Improving the Reusability of Research Software through Standardized Data Formats and Tool Interfaces

Challenge

In many fields, research involves the implementation of prototypal software tools. These tools are evaluated for correctness and efficiency by applying the to benchmarks, i.e. collections of problems with relevant metadata. In Software Engineering, a correctness checker for programs might be evaluated against a benchmark containing programs, formalized correctness properties and true-false-information. The more properties a tool can refute or prove correctly, the better it is. Reproducibility of experimental results is guaranteed – especially in Software Engineering – by artifacts that accompany scientific publications. A benchmark packages tools, benchmarks and execution scripts in a container (e.g., a virtual machine) and is usually archived on a platform like Zenodo.

To enable subsequent research projects, it is desirable to execute “historic” tools on new benchmarks as well as evaluate new tools on exiwsting benchmark suites. This would show both the evolution of tools as well as improve the quality of evaluation due to growing benchmarks sets the ability to perform direct comparisons against competing tools.

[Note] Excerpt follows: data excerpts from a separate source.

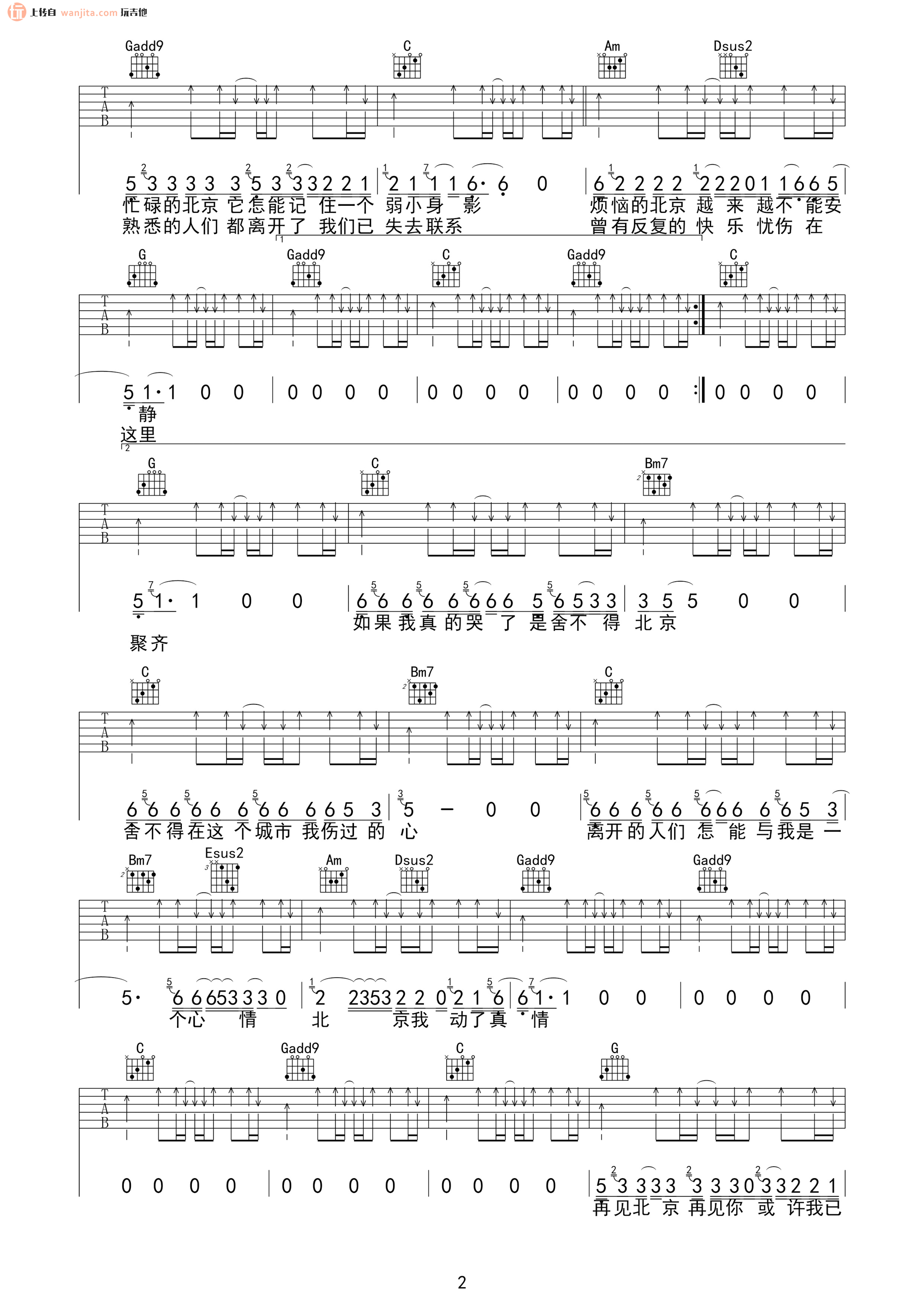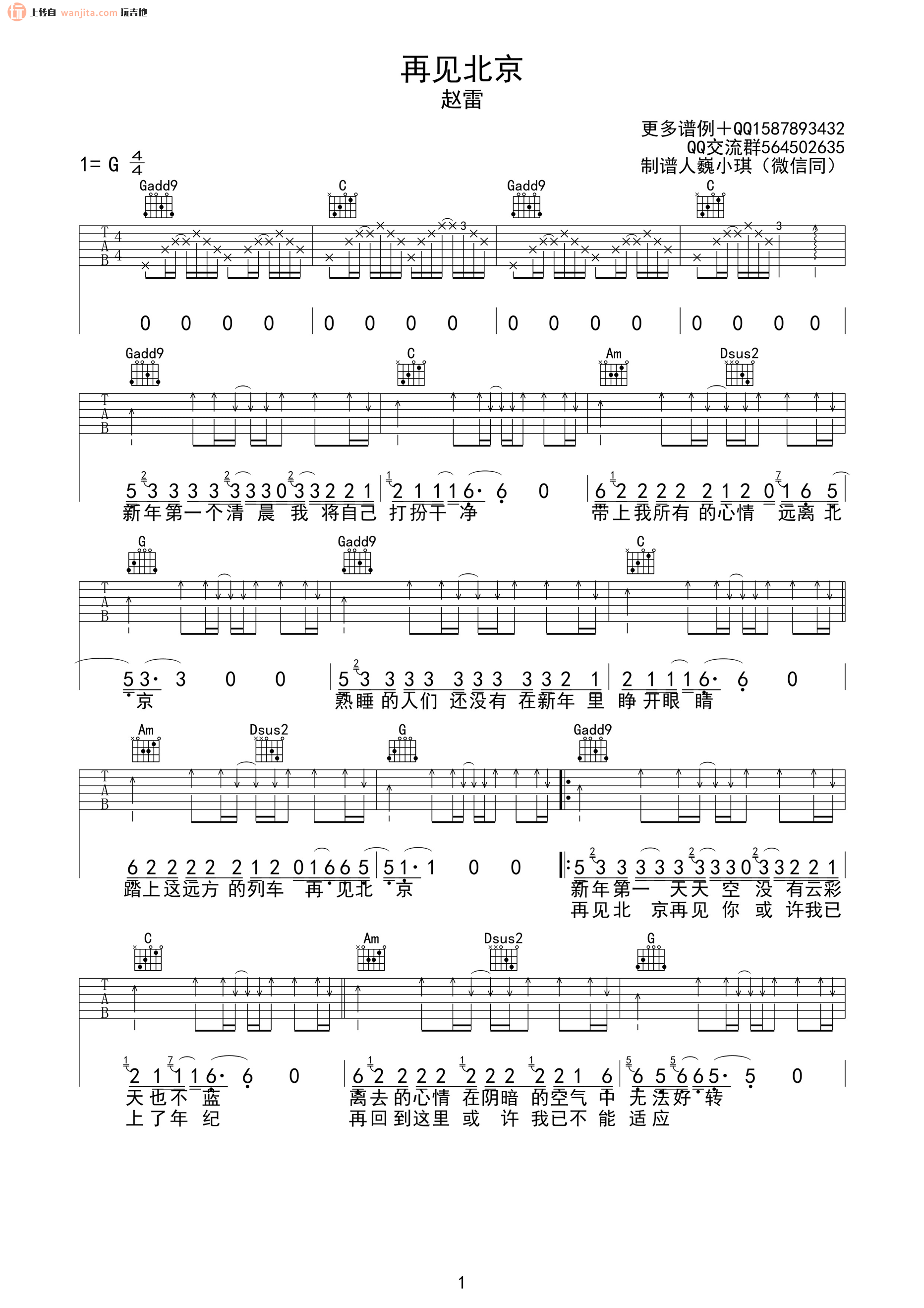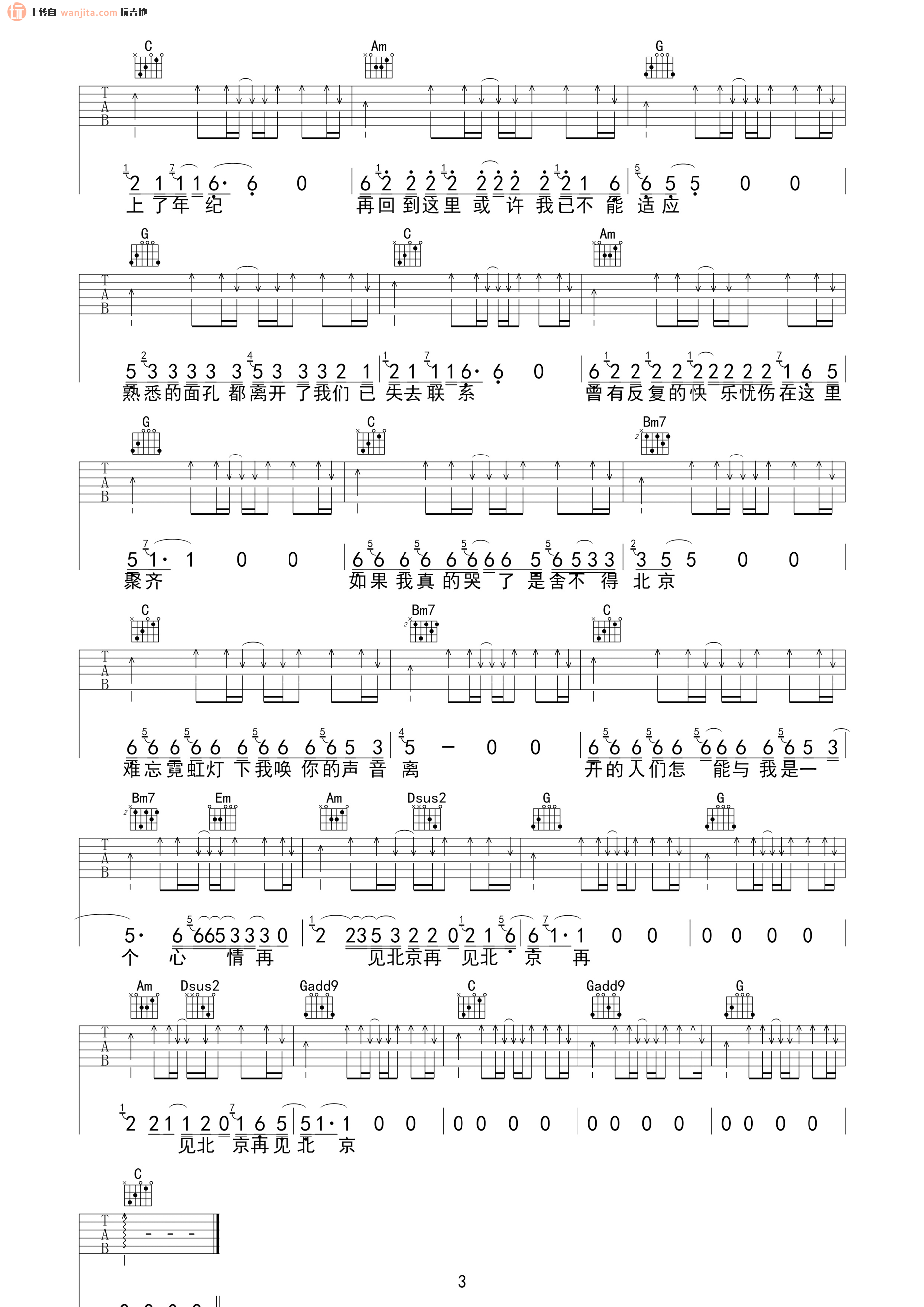 曲谱介绍: 再见北京吉他谱,总共3张高清图片谱,选用G调指法,节拍4/4拍,不使用变调夹,弹唱难度初级。
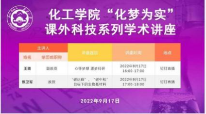 为形成“思政育人、双创育人、科研育人”的长效机制,激发学生科研热情,加大本科生参与学术科技创新力度,教育引导学生注重从专业角度出发,养成早进课题、早进实验室、早进团队的工作学习理念,bwin中国官网于2022年9月17日16点通过钉钉直播,开展“化梦为实”课外科技系列学术讲座第二季。
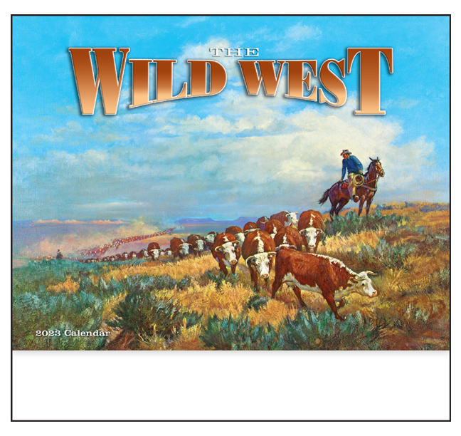 2023 Wild West Promotional Wall Calendar 10 7 8 X 18 Staple Bound Drop Ad Imprint

To enable such resue, we require archival formats for both tools and benchmarks that enables arbitratry combinations of both by mean of long-term usable interfaces. (In the ISSTA 2014 Artifact Evaluation Committee, we proposed the name “buildability” for this property, however, it has not yet been formalized.) This project aims to work towards such standards by proposing both interdisciplinary baseline standards for

  • tool packaging,
  • tool execution,
  • tool configuration,
  • problem packaging, and
  • problem metadata.

These will be combined with concrete, community-specific standards for specific types of configuration and metadata that will build on the baseline standard in a bottom-up mode. We plan to propose formats for three domains:

  • security analyses with a focus on taint analysis,
  • register automata analyses, and
  • autonomous driving with a focus on traffic scenarios and track definitions.

Funding

The project is supported by a NFDI4Ing Seed Fund.